I am getting spark, but I haven't verified the "strength" of the spark yet. My tester just has a light, but the manual specifies that the spark needs to be able to jump a 9mm gap. I'll probably pick up that style of tester tomorrow. One thing that I noticed was that the *resistance across the charge coil was 508 ohms*. I don't know what my particular engine should be, but the service manual for my buddy's similar Yamaha 60hp specifies 160-240 ohms (or something around there). I'm not too familiar with small engine ignition systems, so I'm not quite sure how to interpret this info. Could this potentially cause a weak spark? *Does anyone know what the resistance across the coil should be? *The pulser coils and the lighting coil seemed to read very closely to what the 60hp manual suggests, so that makes me think my charge coil should as well.
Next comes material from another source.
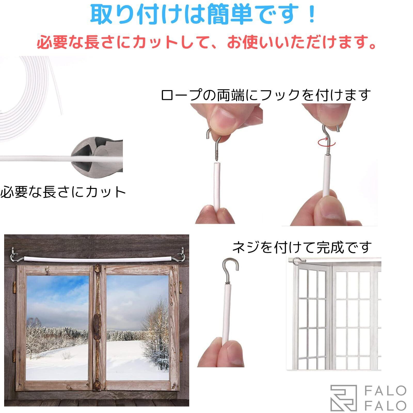FALOFALO カーテン ワイヤー ロープ 5m フック ネジ付属 すぐ使える 取付簡単 キッチン クローゼット 手芸 カーテン レール 手作り

I also highly doubt that it would be the ignition coils or the pulser coils, since the problem seems to be across all 3 cylinders. I don't know much about the CDI box, but I feel like when they go bad they typically just stop working, not necessarily give out a poor signal. I have some "ballpark" numbers from my buddy's 60hp manual for CDI resistance values, but I don't know how helpful that will be for me.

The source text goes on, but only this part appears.